L’économie russe ne souffre-t-elle pas elle aussi des sanctions ?

« Oui, mais leur économie est largement autosuffisante : certainement en termes de nourriture, de matières premières primaires et d’énergie. C’est moins le cas pour les produits high-tech, mais les Russes cherchent des solutions en Asie pour cela. De plus, les Russes ont déjà prouvé dans l’histoire qu’ils sont capables de renoncer. Tant que les prix du pétrole seront élevés, les revenus de la Russie le seront aussi. Ils gagnent 800 millions d’euros par jour.

Mais l’Occident décide-t-il de l’avenir de l’Ukraine ?

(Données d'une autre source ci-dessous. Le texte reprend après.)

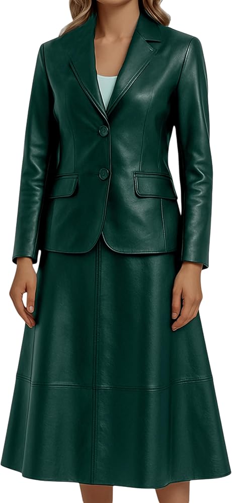 Premium Genuine Leather Craftsmanship – This elegant women's skirt suit set features a fine lambskin leather blazer paired with a genuine leather skirt, offering timeless durability, luxurious feel, and a polished look for every occasion.

« En effet, la question clé est maintenant : combien de temps l’Occident peut-il maintenir ce soutien ? Aux États-Unis, nous aurons une première indication avec les élections de mi-mandat en novembre. Supposons que les républicains gagnent et veuillent désormais se concentrer sur l’intérieur, l’Ukraine a un problème.

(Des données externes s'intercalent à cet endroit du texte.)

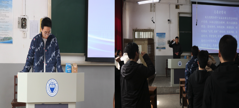 道桥1901班张子健代表志愿者表态,将勇担使命、团结协作、遵守纪律、暖心服务,展现竞赛志愿者的青春风采。随后,全体志愿者面向志愿者誓词庄严宣誓。

En attendant, les stocks militaires – certainement en Belgique – s’épuisent.

“C’est vrai. L’armée belge n’a plus rien à donner. La seule chose que notre pays puisse faire, c’est acheter des systèmes d’armes et les envoyer immédiatement en Ukraine. Mais alors vous avez un nouveau problème : tous les pays occidentaux achètent maintenant des armes aux producteurs à un rythme effréné.

«Pour reconstituer le stock de missiles antichars Javelin que les États-Unis ont donné à l’Ukraine, la société Raytheon a besoin de trois ans. Supposons que le gouvernement belge décide d’acheter des munitions d’artillerie, il faudra des années avant que ces obus ne soient livrés. Ce sont des figues après Pâques.